La maggior parte dei siriani che sbarcano in Italia hanno come obiettivo quello di arrivare nel nord Europa; Svezia, Austria, Olanda, Belgio, ossia tutti quei Paesi che hanno dato la propria disponibilità ad accettare i profughi del conflitto in Siria. Qui a Catania l’accoglienza dei migranti è però totalmente soggettiva, portata avanti da pochi volontari che agiscono in maniera individuale e senza nessun aiuto da parte delle autorità. Il Governo italiano ha infatti un atteggiamento ambiguo nei confronti dei profughi siriani. Se da una parte si tollera il passaggio all’interno del territorio nazionale, permettendo il ricongiungimento con i parenti già stanziati in Nord Europa, dall’altro li blocca arbitrariamente in luoghi privi di status giuridico, senza una reale politica e seria pianificazione riguardo la gestione dei rifugiati.
La cosa che più colpisce è che non si tratta di disperati, ma dell’elitè del Paese, fatta di commercianti, imprenditori, medici, ovvero la spina dorsale della classe media urbanizzata. Forse è anche per questo che subito c’è chi vuole discutere di politica: “La Siria è il nuovo terreno di scontro delle potenze internazionali. Da una parte gli islamisti, dall’altra Bashar, noi in mezzo. La nostra rivoluzione è stata rubata ed il regime è stato bravo a gestire la situazione”. Ad intervenire è Amir, psicologo di Homs, un viso sveglio incorniciato da una profonda cicatrice alla guancia. “Colpa dei soldati di Asad. Mi hanno bastonato fino a quando non mi hanno creduto morto. Sono scappato dalla Siria perché altrimenti sarebbero tornati per uccidermi. Nella mia stessa situazione ce ne sono a migliaia”.
Secondo una recente stima dell’Osservatorio Siriano per i Diritti Umani le vittime accertate dall’inizio del conflitto sarebbero più di centosessanta mila, con decine di migliaia di feriti tra i civili, ed una intera generazione distrutta psicologicamente dalla guerra.

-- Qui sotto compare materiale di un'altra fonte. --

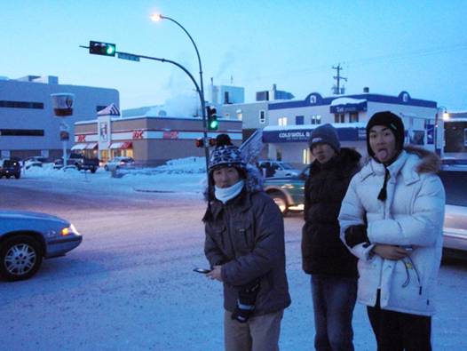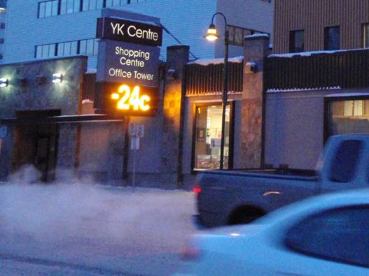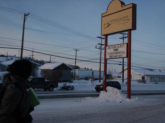 未開の原野から突然建物が現れる。そして一気に道路案内標識が増え始め、イエローナイフの都心部に突入。あっという間の出来事だった。まさに都会といった雰囲気だ。こんな極北の地に高層ビルが建ち並んでいるとは・・・。氷点下20℃の中、街は活気にあふれ、多くの市民が街を歩き回っている。町の中心部を少し過ぎた所にあるモーテル”arnica(アルニカ) inn”にチェックイン。最近リニューアルされた宿で、清潔感があり、居心地のいい部屋である。さらにこの宿も安い。受付の人との英会話が完全には理解できなかったが、調べておいた値段より安く泊まることができた。

Discutiamo, ed intorno a noi si infoltisce il cerchio di quelli che vogliono parlare, sfogarsi di tutto quello che hanno subito. “Sono di Yarmouk, faccio parte di una grossa e importante famiglia della città che si è ribellata ad Assad e che adesso è nella lista nera del regime. Sono scappato perché ho perso moltissimi parenti per mano del regime. O la fuga o la morte. Non avevo scelta”. Ramir è un uomo sulla quarantina, con la fronte larga e gli occhi pieni di morte. “Sono arrivato in Italia dalla Libia, dopo aver viaggiato per quarantotto ore dall’Egitto fino a Tripoli, dove mi sono imbarcato con la mia famiglia pagando millecinquecento dollari ai trafficanti. Alcuni di noi sono stati uccisi per il semplice fatto di essere siriani, perchè avevano paura fossimo spie del regime. Un mio compagno è stato prima derubato e poi trucidato proprio davanti a me. Un incubo”.

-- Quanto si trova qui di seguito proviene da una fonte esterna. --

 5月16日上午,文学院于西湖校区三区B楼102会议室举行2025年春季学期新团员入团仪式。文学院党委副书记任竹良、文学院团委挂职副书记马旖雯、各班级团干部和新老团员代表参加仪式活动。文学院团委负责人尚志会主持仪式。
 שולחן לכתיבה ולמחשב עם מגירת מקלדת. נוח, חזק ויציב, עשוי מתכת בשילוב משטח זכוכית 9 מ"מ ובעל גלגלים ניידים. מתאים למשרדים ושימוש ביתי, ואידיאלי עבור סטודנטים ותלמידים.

Poi noto il viso dolce di Yousef, 32 anni, ingegnere informatico di Damasco, arrivato dall’Egitto nella stessa barca di Kasem. Lo invito a raccontarmi la sua storia. “A Damasco ero il proprietario di un negozio di informatica che mi permetteva di vivere dignitosamente con mia moglie e la mia figlia di appena un anno. Poi, un giorno, i soldati del regime sono arrivati, hanno sequestrato le apparecchiature e alla fine bruciato il locale. Cosa dovevo fare? Ho venduto la casa, i gioielli, la macchina e sono scappato. Ora voglio solo andare in Svezia e ricominciare una nuova vita”. I suoi occhi sono celati dalla tristezza di aver perso tutto quello per cui aveva lottato. Abbassa lo sguardo: “La Siria ormai non esiste più”.